*** Opening of Provided entries ***

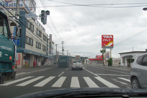 とん田通り、北見中央病院側から南大通り交差点方向
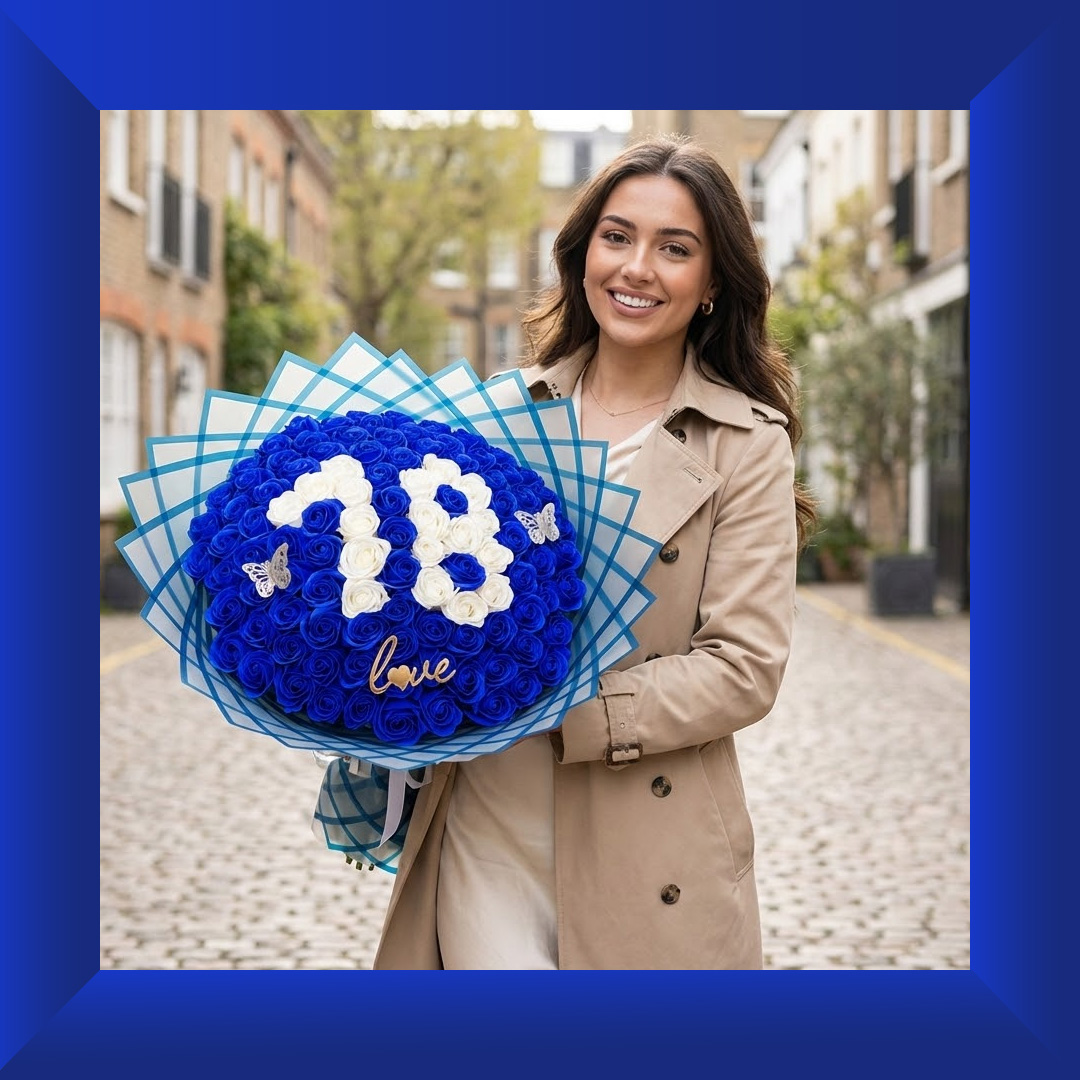 This stunning bouquet features 101 premium soap roses in a rich blend of deep royal blue and elegant ivory white, beautifully arranged to form the number 18, creating a bold and meaningful personalised design.
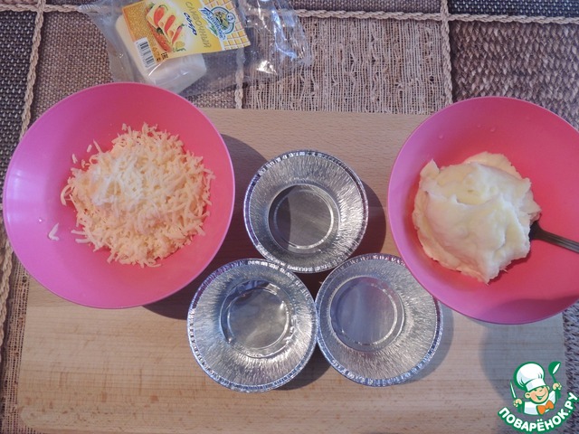Тем временем варим картофель и делаем пюре, любым привычным способом. Сливочный сыр трём на мелкой тёрке
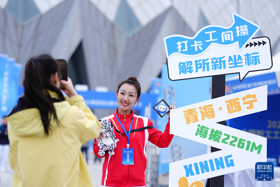 9月17日,參賽職工在青海體育中心外打卡留念。新華社記者 齊芷玥 攝
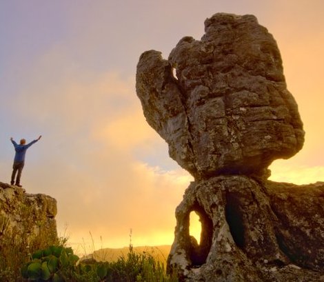 A beautiful, medium to low fitness walk in the Cape Peninsula to some beautiful rock formations that look down over the greater Cape Town. These rocks in the area have a variety of arches and shapes. Only a small section of this walk is off path, at the end, so this is not a frequently visited spot.
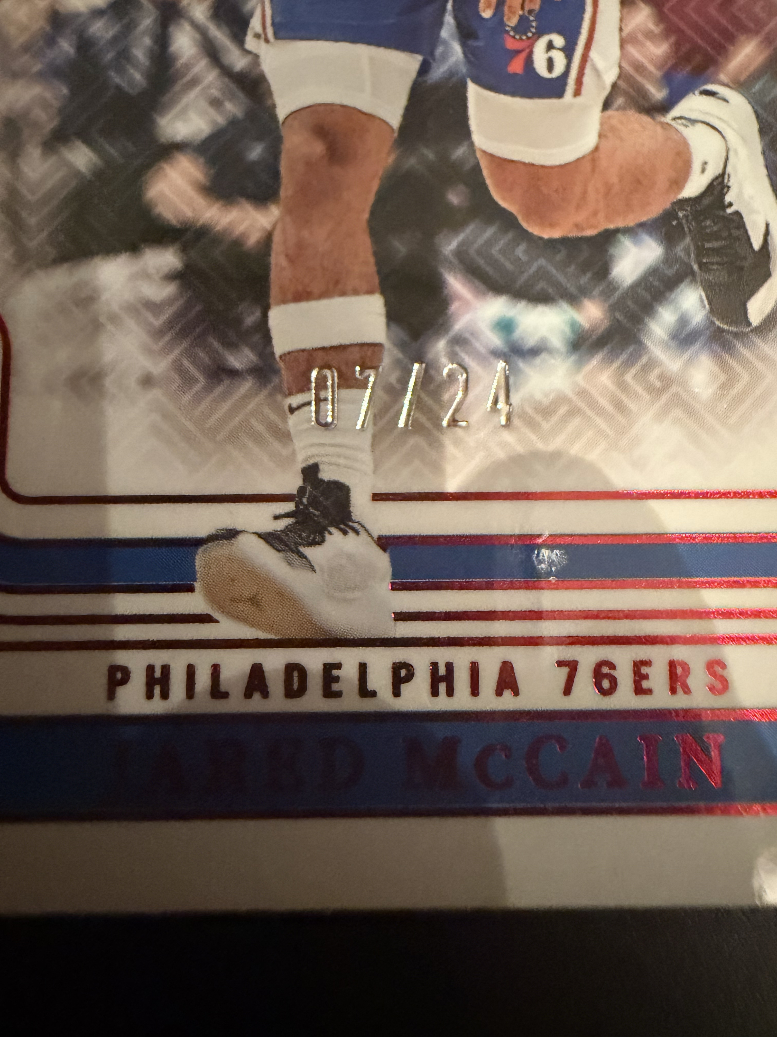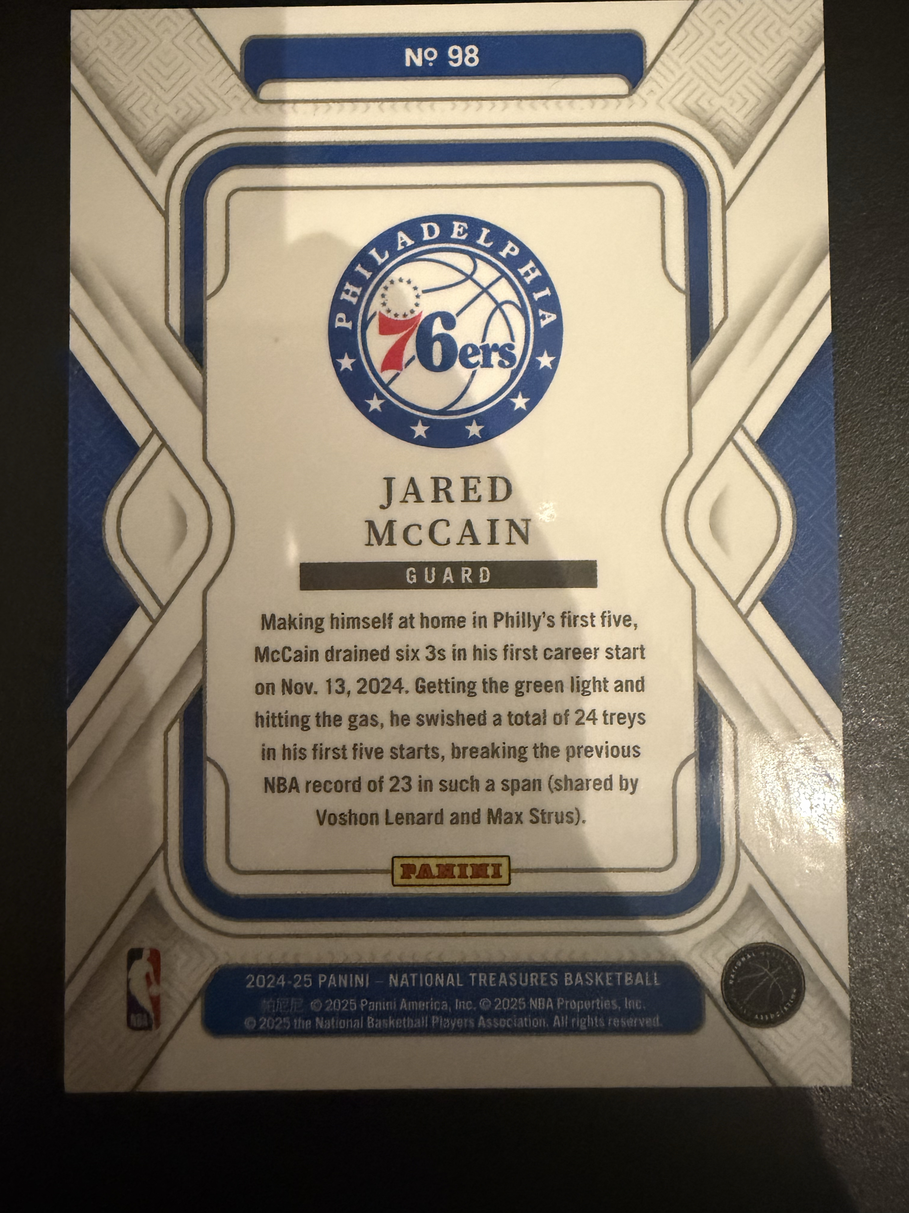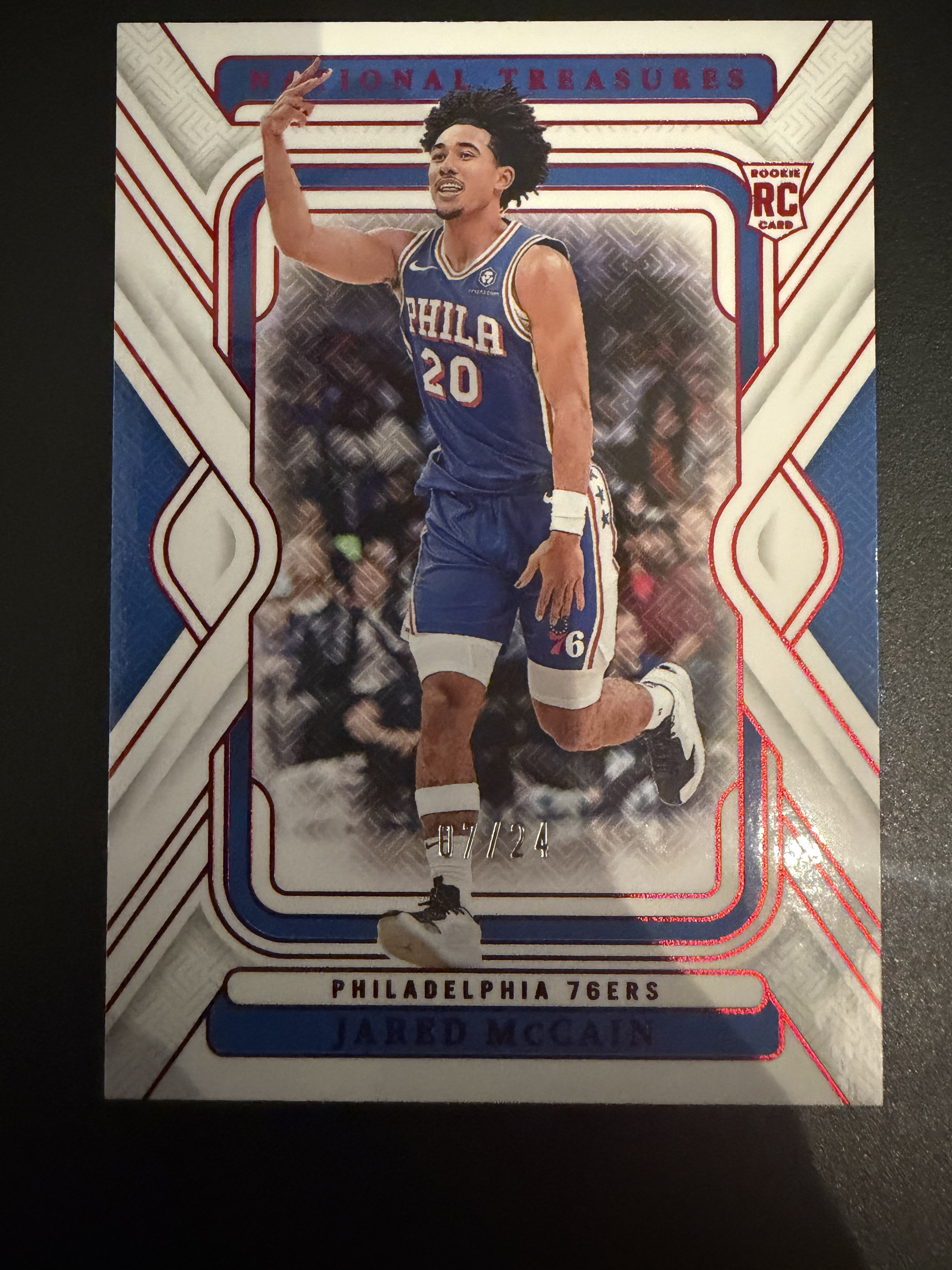 2024-25 Panini National Treasures Jared McCain RC 24编国宝国际红平行76人新秀贾里德麦凯恩base,卡品如图,收藏佳品,拍下后1-3天发货
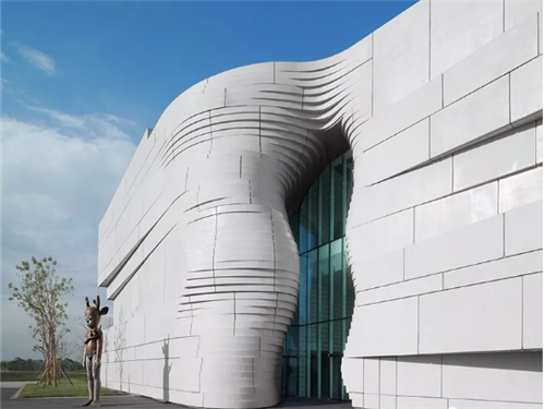 建筑立面設(shè)計(jì)大量采用不規(guī)則、無規(guī)律的線條來表現(xiàn),藝術(shù)美術(shù)館整體建筑呈長(zhǎng)條狀,為充分體現(xiàn)出橫向的線條設(shè)計(jì)感,立面裝飾的每塊板的分格需要較大,GRC板是理想的替代材料,最大板塊橫向長(zhǎng)度達(dá)到近4米,這是其他材料(如石材、水晶石、人造板等)無法做到的。
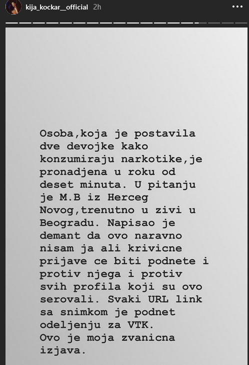 Osim ovog saopštenja, Kija se i našalila na račun ove situacije.
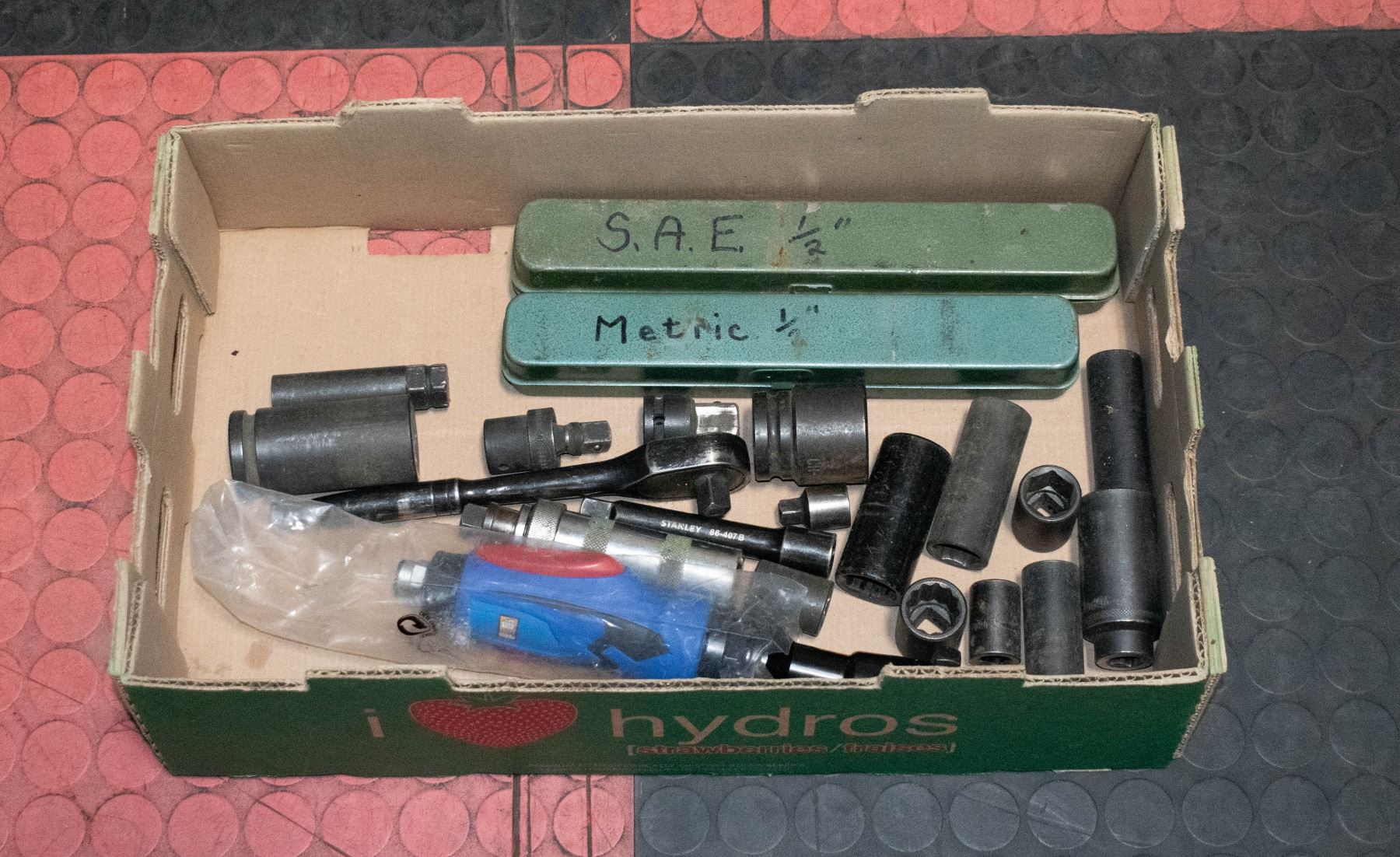 SOCKET SETS WITH ADDITIONAL 3/4" DRIVE TRANSITION AND SEVERAL 3/4" LARGE SOCKETS, INCLUDES NEW POWERFIST 1/2" DRIVE AIR RATCHET, LOTS OF ADDITIONAL SOCKETS AND ACCESSORIES **ALL ITEMS MUST BE REMOVED BY 5PM SATURDAY, MAY 10TH 2025. ALL REMAINING ITEMS WILL BE SUBJECT TO A $6.00 PER DAY STORAGE CHARGE. ANY ITEMS REMAINING AFTER MONDAY, MAY 26TH 2025 WILL BE CONSIDERED FORFEITED. NO REFUNDS WILL BE ISSUED FOR FORFEITED ITEMS. TO SCHEDULE A PICK UP APPOINTMENT CLICK HERE
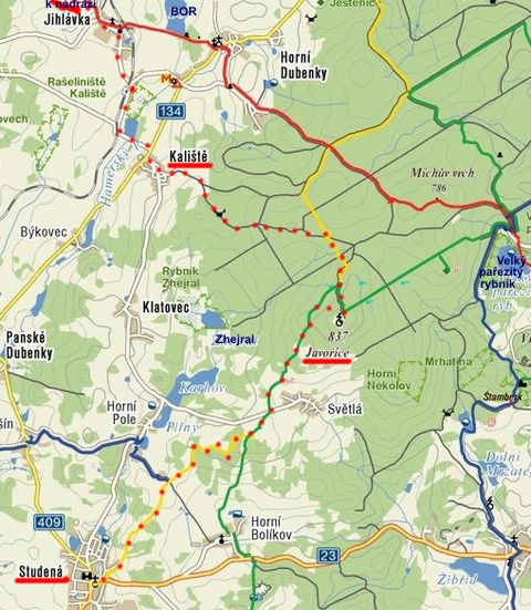 Trasa: Studená ŽTZ – za Vrškem přechod na ZTZ – Javořice – Studánka Páně – Kaliště – Jihlávka = 14 km

*** Close of Provided entries ***

» **Instructions to follow**: Where a picture appears in the records above, omit it, and transcribe exactly the stretch of lines from the one with "This stunning bouquet" through the one with "9月17日,參賽職工在青海體育中心外打卡留念。新華社記者 齊芷玥 攝".

» **Exercise response**:
 This stunning bouquet features 101 premium soap roses in a rich blend of deep royal blue and elegant ivory white, beautifully arranged to form the number 18, creating a bold and meaningful personalised design.
Тем временем варим картофель и делаем пюре, любым привычным способом. Сливочный сыр трём на мелкой тёрке
 9月17日,參賽職工在青海體育中心外打卡留念。新華社記者 齊芷玥 攝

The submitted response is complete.